Karen was having an off day, feeling down, and totally unmotivated. You know the kind — when you just feel like crawling back in bed. We all have days when everything feels like an effort and we don’t want to do anything.
Karen’s a busy, single Mom with ambitious goals and never-ending parenting duties. As much as she wants to call it quits for the day, she also wants to cook a healthy dinner and read to her kids at bedtime. Somedays it’s hard to get motivated. And let’s be honest, there are also some unpleasant tasks that are always hard to get motivated for.
Notice your thoughts
Negative self-talk and procrastination set in. It’s easy to sink into self-criticism when you’re not productive. Without even realizing it, Karen starts thinking she’s lazy and useless. “I’m a crappy mother,” she thinks, “who doesn’t even have the energy to fix a proper meal and read a bedtime story.”
This creates a toxic cycle of low motivation, criticizing yourself for procrastinating or not doing something, and then feeling worse.
Berating yourself is not motivating. Often we think the way to get more done is to crack the proverbial whip – to be harder on ourselves. People tend to feel bad when they aren’t meeting expectations (either their own or someone else’s) and spiral into self-criticism. You won’t get more energized or motivated by being tougher on yourself.

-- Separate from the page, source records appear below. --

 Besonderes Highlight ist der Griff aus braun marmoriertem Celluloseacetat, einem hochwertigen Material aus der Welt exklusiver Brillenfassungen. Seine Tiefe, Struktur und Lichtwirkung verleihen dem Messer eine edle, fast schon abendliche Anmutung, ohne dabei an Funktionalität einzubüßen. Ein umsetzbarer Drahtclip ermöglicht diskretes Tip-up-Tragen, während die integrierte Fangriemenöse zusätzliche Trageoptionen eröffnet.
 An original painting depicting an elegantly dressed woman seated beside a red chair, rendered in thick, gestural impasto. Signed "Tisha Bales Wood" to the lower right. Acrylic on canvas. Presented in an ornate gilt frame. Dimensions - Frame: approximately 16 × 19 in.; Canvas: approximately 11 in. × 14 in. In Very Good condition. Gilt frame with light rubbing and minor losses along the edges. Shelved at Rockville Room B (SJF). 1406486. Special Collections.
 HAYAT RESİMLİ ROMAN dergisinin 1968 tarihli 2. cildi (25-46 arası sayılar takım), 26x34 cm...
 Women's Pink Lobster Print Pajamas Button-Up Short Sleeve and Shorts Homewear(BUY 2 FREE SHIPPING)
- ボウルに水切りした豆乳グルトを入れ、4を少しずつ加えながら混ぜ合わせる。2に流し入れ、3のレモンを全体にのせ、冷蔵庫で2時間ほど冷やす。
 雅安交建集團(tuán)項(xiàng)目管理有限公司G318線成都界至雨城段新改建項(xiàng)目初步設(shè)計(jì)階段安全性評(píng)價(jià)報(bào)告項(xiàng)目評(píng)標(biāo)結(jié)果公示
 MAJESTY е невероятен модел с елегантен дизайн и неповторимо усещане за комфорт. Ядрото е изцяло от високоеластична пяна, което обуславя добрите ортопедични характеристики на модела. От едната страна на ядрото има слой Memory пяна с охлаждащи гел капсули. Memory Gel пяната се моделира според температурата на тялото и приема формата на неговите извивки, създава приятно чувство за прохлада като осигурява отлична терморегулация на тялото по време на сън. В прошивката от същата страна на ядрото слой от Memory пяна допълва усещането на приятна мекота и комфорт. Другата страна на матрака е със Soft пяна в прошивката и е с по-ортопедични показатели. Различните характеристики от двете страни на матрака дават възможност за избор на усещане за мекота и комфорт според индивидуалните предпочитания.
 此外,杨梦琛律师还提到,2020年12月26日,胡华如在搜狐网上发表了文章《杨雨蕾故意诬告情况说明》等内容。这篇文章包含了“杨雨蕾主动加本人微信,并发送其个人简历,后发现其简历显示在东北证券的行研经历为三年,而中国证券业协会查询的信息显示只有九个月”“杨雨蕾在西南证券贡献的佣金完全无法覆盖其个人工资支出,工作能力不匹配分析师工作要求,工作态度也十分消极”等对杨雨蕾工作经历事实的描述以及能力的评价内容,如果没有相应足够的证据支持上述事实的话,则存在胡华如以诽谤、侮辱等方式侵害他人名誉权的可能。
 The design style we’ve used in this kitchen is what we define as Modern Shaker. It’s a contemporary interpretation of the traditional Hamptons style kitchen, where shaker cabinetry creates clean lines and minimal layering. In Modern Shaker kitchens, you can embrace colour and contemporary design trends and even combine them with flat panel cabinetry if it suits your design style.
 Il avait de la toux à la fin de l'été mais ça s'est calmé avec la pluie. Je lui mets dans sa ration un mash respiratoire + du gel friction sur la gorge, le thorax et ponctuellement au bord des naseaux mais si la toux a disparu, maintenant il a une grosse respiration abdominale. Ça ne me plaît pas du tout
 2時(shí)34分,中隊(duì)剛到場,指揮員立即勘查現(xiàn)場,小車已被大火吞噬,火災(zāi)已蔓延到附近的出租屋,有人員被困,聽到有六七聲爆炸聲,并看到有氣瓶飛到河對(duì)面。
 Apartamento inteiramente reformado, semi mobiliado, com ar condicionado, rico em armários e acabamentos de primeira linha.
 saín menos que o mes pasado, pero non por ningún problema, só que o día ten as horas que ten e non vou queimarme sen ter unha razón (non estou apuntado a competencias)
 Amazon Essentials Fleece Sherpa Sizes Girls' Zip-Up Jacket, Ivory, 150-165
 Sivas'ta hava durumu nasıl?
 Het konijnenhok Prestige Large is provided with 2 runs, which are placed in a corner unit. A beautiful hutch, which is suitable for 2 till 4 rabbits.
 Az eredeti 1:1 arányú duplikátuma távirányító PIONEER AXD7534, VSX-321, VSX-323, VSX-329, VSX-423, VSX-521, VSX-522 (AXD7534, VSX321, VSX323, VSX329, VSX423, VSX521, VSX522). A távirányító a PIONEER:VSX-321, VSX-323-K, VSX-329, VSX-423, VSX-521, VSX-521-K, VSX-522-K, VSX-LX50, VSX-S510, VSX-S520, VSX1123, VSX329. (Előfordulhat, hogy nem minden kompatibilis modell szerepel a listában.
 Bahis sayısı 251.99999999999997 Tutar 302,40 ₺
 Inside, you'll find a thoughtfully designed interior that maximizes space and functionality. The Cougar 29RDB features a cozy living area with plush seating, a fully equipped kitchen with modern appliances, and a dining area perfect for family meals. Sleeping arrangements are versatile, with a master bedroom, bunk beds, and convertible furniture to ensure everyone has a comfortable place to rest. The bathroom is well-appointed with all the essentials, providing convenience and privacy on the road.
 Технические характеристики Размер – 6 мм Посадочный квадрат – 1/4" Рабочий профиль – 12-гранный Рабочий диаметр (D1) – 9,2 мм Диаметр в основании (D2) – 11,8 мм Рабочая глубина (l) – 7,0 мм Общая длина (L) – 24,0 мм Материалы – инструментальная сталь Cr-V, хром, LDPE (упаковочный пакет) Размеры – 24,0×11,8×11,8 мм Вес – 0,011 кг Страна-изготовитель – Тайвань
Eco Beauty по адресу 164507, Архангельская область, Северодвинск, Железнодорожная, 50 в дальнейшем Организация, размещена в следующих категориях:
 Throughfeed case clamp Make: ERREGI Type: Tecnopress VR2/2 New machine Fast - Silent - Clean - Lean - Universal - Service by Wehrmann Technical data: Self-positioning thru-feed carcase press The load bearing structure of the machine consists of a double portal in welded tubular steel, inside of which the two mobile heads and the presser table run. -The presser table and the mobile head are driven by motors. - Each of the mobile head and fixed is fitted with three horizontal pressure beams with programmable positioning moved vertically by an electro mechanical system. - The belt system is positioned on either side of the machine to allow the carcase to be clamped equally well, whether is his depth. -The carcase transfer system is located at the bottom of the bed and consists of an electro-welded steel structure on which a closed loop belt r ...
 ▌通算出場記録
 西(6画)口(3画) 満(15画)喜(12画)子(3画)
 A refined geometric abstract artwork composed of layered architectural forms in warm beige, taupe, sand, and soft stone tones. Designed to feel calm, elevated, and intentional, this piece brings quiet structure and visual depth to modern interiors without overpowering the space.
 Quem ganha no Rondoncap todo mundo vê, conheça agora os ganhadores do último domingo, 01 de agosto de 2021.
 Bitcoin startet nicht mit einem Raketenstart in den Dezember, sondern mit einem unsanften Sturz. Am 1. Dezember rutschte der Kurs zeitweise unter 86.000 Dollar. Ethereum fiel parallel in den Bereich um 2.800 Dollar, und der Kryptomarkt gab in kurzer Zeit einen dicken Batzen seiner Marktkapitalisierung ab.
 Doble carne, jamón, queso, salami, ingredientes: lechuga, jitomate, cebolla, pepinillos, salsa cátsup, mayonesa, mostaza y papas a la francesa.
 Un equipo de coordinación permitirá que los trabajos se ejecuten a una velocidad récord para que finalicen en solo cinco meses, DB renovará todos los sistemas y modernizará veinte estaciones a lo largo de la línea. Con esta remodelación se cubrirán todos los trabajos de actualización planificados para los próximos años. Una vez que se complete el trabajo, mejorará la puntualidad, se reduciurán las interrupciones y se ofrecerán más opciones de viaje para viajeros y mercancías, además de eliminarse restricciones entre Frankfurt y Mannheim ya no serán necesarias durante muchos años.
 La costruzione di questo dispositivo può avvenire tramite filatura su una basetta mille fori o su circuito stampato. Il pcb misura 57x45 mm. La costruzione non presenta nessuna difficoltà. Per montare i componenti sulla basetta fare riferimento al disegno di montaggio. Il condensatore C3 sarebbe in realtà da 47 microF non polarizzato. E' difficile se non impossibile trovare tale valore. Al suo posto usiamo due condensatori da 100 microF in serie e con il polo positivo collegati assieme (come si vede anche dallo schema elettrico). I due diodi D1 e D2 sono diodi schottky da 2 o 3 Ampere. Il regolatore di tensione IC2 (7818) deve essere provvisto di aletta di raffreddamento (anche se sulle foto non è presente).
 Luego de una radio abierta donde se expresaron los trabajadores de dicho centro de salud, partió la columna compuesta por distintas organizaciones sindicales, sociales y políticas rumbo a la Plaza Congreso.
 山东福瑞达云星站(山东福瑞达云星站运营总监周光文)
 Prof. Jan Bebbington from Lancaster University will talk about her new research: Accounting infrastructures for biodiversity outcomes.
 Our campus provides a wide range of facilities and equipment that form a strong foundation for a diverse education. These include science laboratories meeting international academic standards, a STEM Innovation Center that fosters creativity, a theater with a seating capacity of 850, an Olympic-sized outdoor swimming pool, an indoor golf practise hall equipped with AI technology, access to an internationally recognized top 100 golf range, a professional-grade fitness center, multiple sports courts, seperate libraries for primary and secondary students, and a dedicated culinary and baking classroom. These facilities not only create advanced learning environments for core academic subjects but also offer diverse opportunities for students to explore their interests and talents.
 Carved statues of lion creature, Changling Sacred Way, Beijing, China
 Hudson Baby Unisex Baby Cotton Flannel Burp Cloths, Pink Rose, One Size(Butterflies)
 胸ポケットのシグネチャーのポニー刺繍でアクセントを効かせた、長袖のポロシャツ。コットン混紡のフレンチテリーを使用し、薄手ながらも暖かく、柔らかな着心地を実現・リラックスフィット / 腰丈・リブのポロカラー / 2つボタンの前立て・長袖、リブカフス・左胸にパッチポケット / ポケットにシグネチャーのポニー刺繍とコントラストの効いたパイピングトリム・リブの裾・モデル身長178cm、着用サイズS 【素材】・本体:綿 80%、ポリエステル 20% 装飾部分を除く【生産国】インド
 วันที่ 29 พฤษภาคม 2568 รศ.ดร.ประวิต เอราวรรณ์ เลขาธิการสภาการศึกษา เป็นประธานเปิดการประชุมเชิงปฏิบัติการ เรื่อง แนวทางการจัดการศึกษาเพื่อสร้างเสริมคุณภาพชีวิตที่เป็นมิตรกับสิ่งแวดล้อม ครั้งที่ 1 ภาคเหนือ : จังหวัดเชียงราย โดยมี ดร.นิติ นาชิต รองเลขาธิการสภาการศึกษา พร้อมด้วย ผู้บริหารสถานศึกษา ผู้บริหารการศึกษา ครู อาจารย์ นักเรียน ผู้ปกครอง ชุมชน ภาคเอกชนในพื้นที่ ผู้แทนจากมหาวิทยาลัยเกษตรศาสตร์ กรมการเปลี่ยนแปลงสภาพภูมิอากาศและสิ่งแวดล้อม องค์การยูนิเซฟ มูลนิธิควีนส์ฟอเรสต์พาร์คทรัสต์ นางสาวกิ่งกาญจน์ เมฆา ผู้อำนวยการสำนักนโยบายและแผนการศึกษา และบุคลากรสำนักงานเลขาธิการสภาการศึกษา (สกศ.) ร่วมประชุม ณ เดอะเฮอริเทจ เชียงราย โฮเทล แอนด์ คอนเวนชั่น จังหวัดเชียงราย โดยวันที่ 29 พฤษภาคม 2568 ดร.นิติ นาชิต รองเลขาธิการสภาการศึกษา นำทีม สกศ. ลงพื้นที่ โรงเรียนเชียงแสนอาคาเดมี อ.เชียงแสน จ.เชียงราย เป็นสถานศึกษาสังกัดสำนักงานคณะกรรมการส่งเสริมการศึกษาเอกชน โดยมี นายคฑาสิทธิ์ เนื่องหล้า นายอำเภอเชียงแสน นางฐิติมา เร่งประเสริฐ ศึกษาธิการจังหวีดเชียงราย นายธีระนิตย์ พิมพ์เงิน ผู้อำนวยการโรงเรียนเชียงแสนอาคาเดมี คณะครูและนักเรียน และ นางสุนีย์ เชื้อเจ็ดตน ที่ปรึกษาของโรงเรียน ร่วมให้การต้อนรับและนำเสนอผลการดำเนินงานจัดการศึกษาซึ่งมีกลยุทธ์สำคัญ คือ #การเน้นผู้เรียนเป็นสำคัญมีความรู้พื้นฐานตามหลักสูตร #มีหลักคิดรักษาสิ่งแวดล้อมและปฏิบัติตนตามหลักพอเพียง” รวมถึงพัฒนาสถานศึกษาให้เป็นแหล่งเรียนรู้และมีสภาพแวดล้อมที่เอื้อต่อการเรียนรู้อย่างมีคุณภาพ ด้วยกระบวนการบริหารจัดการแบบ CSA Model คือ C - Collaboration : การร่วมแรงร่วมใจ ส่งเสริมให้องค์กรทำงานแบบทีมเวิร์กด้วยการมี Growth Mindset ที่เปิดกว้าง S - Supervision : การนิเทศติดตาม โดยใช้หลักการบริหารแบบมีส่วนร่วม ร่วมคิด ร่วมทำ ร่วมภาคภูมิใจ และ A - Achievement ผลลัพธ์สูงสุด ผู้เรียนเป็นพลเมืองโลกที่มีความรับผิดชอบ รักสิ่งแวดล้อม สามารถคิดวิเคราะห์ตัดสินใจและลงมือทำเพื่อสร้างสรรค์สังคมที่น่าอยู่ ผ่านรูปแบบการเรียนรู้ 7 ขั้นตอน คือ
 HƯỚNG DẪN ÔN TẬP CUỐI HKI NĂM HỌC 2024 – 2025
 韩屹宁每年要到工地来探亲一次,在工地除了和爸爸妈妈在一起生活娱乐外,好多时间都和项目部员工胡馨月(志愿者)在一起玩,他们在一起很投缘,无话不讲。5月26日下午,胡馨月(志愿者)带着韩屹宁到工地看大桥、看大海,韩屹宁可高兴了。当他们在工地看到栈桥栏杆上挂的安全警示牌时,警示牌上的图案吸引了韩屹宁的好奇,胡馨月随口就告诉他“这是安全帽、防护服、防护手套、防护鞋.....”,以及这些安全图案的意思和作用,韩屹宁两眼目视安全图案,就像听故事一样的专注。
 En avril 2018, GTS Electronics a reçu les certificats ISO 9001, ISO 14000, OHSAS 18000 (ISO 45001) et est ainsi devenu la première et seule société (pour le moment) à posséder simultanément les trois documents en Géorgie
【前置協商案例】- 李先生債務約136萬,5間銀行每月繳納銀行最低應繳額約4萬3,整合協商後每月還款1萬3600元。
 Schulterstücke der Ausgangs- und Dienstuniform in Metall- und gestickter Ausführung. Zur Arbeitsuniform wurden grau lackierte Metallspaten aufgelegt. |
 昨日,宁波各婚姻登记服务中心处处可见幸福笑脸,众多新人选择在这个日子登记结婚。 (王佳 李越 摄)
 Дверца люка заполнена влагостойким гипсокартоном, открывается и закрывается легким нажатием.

You need the right combination of self-compassion and accountability
You have to start with self-compassion. Instead of beating yourself up, pause and acknowledge the struggle you’re experiencing. Whether you have clinical depression or it’s just a bad day, the pain is real and everyone experiences feeling down, overwhelmed, or unmotivated from time to time. Offer yourself kindness, like you’d give to a friend who was going through a tough time. Acknowledge that it’s normal to feel tired, down, or unmotivated and consider that your productivity isn’t a measure of your worth.
Most people worry that they’ll never get anything done if they’re “easy” on themselves. Self-acceptance isn’t the same as self-pity or wallowing in your problems. Compassionately accepting how you feel in this moment actually releases you from the negative self-talk that perpetuates your lack of motivation and productivity.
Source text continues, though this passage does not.